→ Information shown:
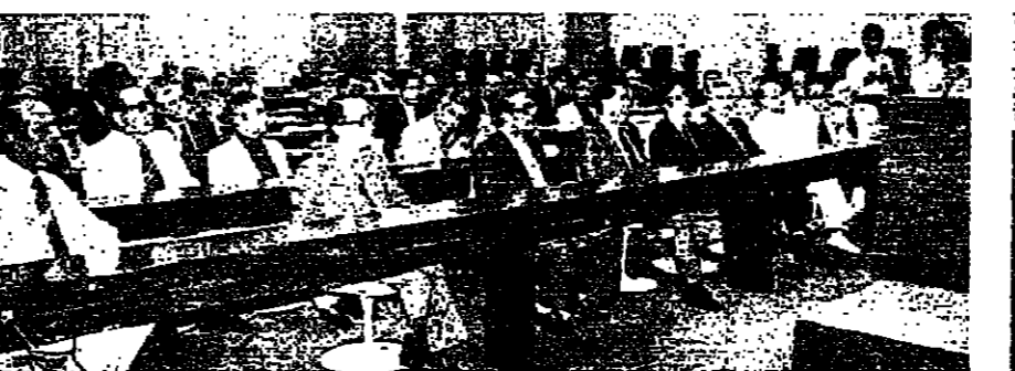
جانب من المشاركين في الحلقة
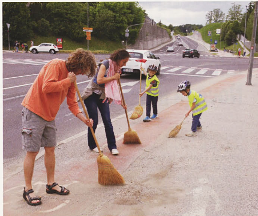
Prva akcija NKM: pometanje kolesarskih stez. Lahko se pridružite našim prizadevanjem.

svetovnem dnevu preprečevanja samomorov smo se pridružili akciji Mednarodne zveze za preprečevanje samomora.
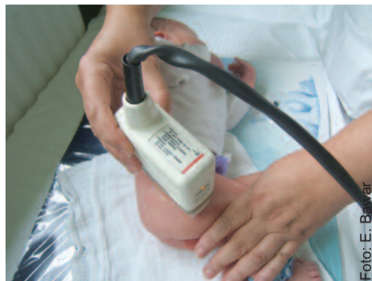
Noworodki urodzone w Szpitalu Powiatowym w Pyskowicach mają od razu badane stawy biodrowe.
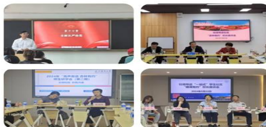
校领导深入学生社区开展育人活动40余场
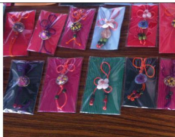
說明：貝殼花結合中國結商品(學生作品)
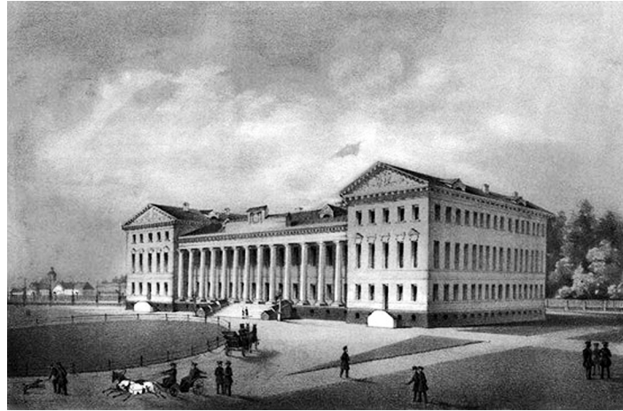
Нежин. Гимназия высших наук (лицей князя Безбородко). Гравюра XIX в.
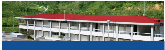
Segunda etapa de construcción de talleres y laboratorios.

En 2013 se concluyó la segunda etapa de construcción de talleres y laboratorios, lo que beneficio a 178 estudiantes y 29 trabajadores.
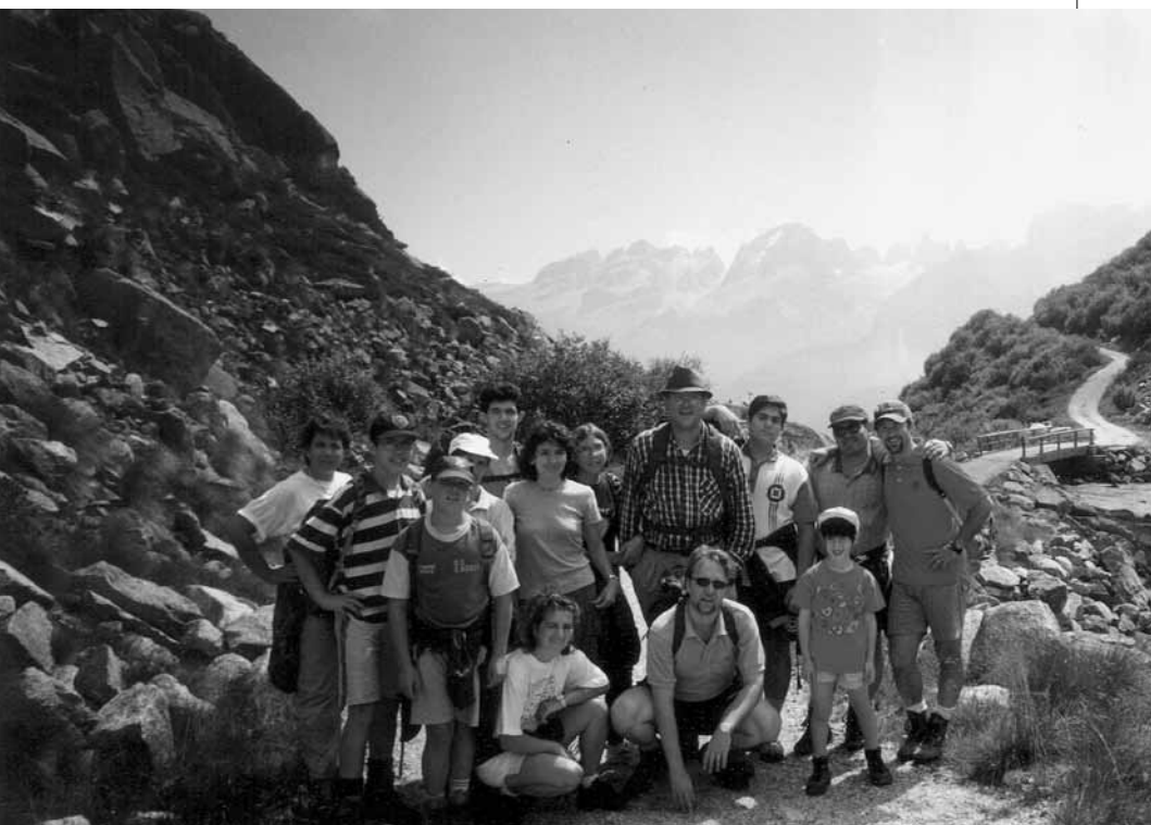
Férias na Itália, em 1994.
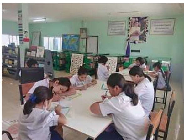
ภาพที่ 2.6 กิจกรรมอ่านดีมีรางวัล
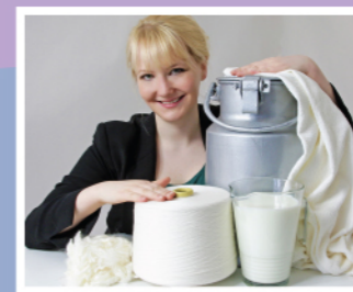
多馬斯克把廢奶神奇地變成衣服！
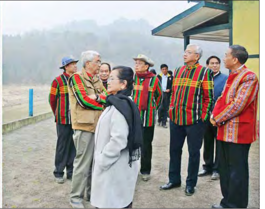
နိုင်ငံတော်သမ္မတ ဦးထင်ကျော် လိုက်ဖားဆည်ကြိုခိုင်းမှုနှင့် ရေဝင်ရောက်မှုအခြေအနေတို့ကို ကြည့်ရှုစစ်ဆေးစဉ်။ (သတင်းစဉ်)
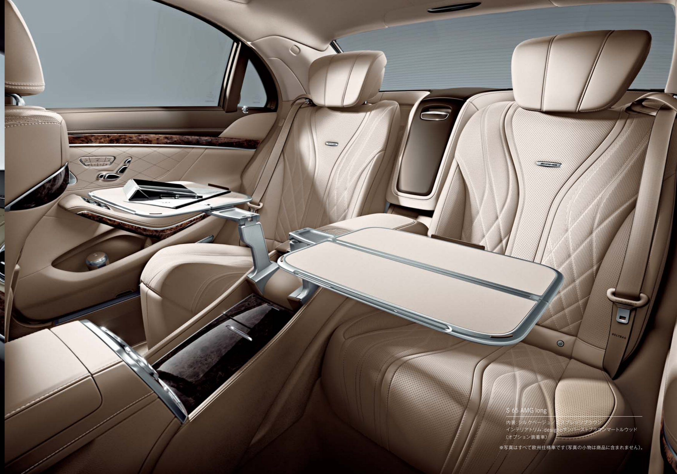
S 65 AMG long

内装:ポアセレン/ブラック インテリアトリム:designoサンバーストブラウンマートルウッド (オプション装着車)

→ What is being asked: Nothing but the lines from the line containing "နိုင်ငံတော်သမ္မတ ဦးထင်ကျော် လိုက်ဖားဆည်ကြိုခိုင်းမှုနှင့်" through the last line of the records above should be written out, exactly and without the pictures.

→ Problem solution:
နိုင်ငံတော်သမ္မတ ဦးထင်ကျော် လိုက်ဖားဆည်ကြိုခိုင်းမှုနှင့် ရေဝင်ရောက်မှုအခြေအနေတို့ကို ကြည့်ရှုစစ်ဆေးစဉ်။ (သတင်းစဉ်)
S 65 AMG long

内装:ポアセレン/ブラック インテリアトリム:designoサンバーストブラウンマートルウッド (オプション装着車)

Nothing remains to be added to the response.